Why the “Chicken Wing Crisis” Is Grossly Exaggerated

Image: NBC/Hulu

Image: NBC/Hulu

You know an issue is not all that serious when it’s reported against the backdrop of Jeffrey Osborne ballad—incidentally, that’s exactly how NBC Today Show decided to cushion the delicate news of Americans heading toward a “chicken wing crisis” this Super Bowl Sunday.

Essentially, we are facing higher prices for the popular game-day snack. Michelle Franzen reports the increase for wholesale prices have gone up to 10%, and retail prices are up to 6%. Football fans are expected to consume up to 1.23 billion wings, “enough to stretch from San Francisco to Baltimore 27 times.”
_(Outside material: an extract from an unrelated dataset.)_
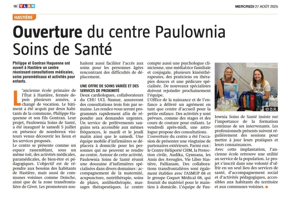 Hastière : ouverture du centre Paulownia Soins de Santé Philippe et Gontran Haquenne ont ouvert à Hastière un centre réunissant consultations médicales, soins paramédicaux et activités pour enfants. L'ancienne école primaire de l'État à Hastière, fermée depuis plusieurs années, a changé de vocation. Le bâtiment a été acquis par deux habitants de la commune, Philippe Haquenne et son fils Gontran. Leur projet, Paulownia Soins de Santé, a été inauguré le samedi 5 juillet 2025 en présence de nombreux visiteurs venus découvrir les lieux et les services proposés. Le centre se présente comme un espace rassemblant, sous un même toit, des activités médicales, paramédicales, de bien-être et pédagogiques. L'objectif est de répondre aux besoins des habitants de Hastière, mais aussi de communes voisines comme Doische, ainsi que de la zone transfrontalière de Givet. Les promoteurs souhaitent aussi faciliter l'accès aux soins pour les personnes âgées rencontrant des difficultés de déplacement. UNE OFFRE DE SOINS VARIÉE ET DES SERVICES DE PROXIMITÉ Deux cardiologues, collaborateurs du CHU UCL Namur, assureront des consultations trois fois par semaine. Les rendez-vous seront programmés rapidement afin de répondre aux demandes urgentes. Un service de prélèvements sanguins sera accessible aux mêmes fréquences, le mardi et le jeudi matin ainsi que le samedi. Une équipe mobile d'infirmières se déplacera à domicile pour les personnes qui ne peuvent se rendre au centre. Autour de cette activité, Paulownia Soins de Santé réunit une douzaine d'infirmières spécialisées dans divers domaines: accompagnement de la maternité, acupuncture, nutrithérapie, soins de plaies, antibiothérapie, massages thérapeutiques. Le centre compte aussi une psychologue clinicienne, une médiatrice familiale et conjugale, plusieurs kinésithérapeutes, des praticiens en thérapies douces et une pédicure spécialisée. De nouveaux spécialistes doivent rejoindre prochainement l'équipe. L'Office de la naissance et de l'enfance a délivré un agrément en tant que centre d'accueil pour la petite enfance. Des activités y sont prévues, comme des stages et des cours de couture pour enfants. Le vendredi après-midi, une astrologue propose des consultations. L'ouverture du centre été l'occasion de présenter une vingtaine de partenaires extérieurs. Parmi eux : le Centre Héliporté CHM, la Protection civile, Audika, Gymsana, les Amis des Aveugles, Vie Libre Hastière, Pallianam. Des collaborations transfrontalières sont égale ment établies avec l'ASMUP 08 et le groupe Coquet Médical 08, qui fournit du matériel pour le maintien à domicile. L'équipe de Paulownia Soins de Santé insiste sur l'importance de la formation continue de ses intervenants. Les professionnels présents suivent régulièrement des sessions pour mettre à jour leurs pratiques et leurs connaissances. Avec cette implantation, l'ancienne école retrouve une utilité au service de la population. Le projet s'inscrit dans une volonté d'offrir en un seul lieu des services de santé, d'accompagnement social et d'activités pédagogiques, accessibles aux habitants du territoire et aux communes voisines.

Rising food costs are no joke, and we’re not above dramatizing the raised cost of game-day snacks. But this whole thing has definitely been blown way out of proportion by the mainstream media. For a nice synopsis of what’s really going down, check out the video below via Serious Eats. Essentially, there’s a chain reaction going on: Drought led to a poor corn crop, which led to higher corn prices, which led to higher chicken feed prices. Oh, and the NCC has a political agenda in all this, of course.

In reality, the “shortage” is actually just 12.3 million chicken wings fewer than expected, which is “less than 1% of the overall chicken wing supply.”

Did we learn nothing from Aporkolypse?